Yes, it's me! I suggested this arrangement in response to a query on the forum for design suggestions for a die filer, as per your second link. The idea was to get a slow filing motion on the downstroke and a quick return on the upstroke, "à la shaper".

If it's of any interest, I just went out into the garage and temporarily connected a 20V power tool battery to it to see how it ran. It didn't run - it jumped, up and down about a foot and scared the life out of me! I've ordered another motor with a reduction gearbox to give approximately 50 - 60 strokes per minute, more in line with my hand filing. I've got an adjustable 24V power supply on the way, too, so fine tuning the speed for different materials should be attainable. Talk about overkill!

John

Nigel Graham 226/09/2022 22:56:40
3293 forum posts
112 photos

What did I do?

Not enough! I have these days...

Anyway, eventually stirred myself into action to continue making a roof for a short, narrow external passage, to use as a garden odds and ends store. Or for a bicycle if I obtain one again.

Then after tea....

Investigated rebuilding my drawing-board... starting by exhuming it from behind a stack of other stuff.

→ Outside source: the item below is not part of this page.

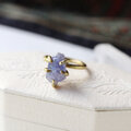夕暮れの空にプリズムが輝くような、しっとりとしたブルーが美しいタンザナイト。

Not fully - a professional-grade A0-capacity drawing board has a massively heavy stand with a complicated parallelogram-mechanism for rise and tilt; and I had stripped this down irretrievably. It also takes up a huge amount of room space if used fully. Instead I will cobble together what I can, at a fixed height and reasonable slope for me. (I had tried to sell the unit complete, but had no takers.)

The drawing motion itself is all easy to re-assemble. At the moment it stands on end, wrapped in black bin-bags, in the corner next to my bed. In the very dim light the bundle looks like a mysterious hooded figure overlooking me, and it's a wonder it has not given me hypnagogic nightmares!

I've also an A3 board made by Blundell-Harling - a local firm to me, still making drawing-boards and also a range of special-to-trade slide-rules. This is a much simpler unit, for use on an ordinary table, with a parallel-sliding rule and a basic protractor arrangement.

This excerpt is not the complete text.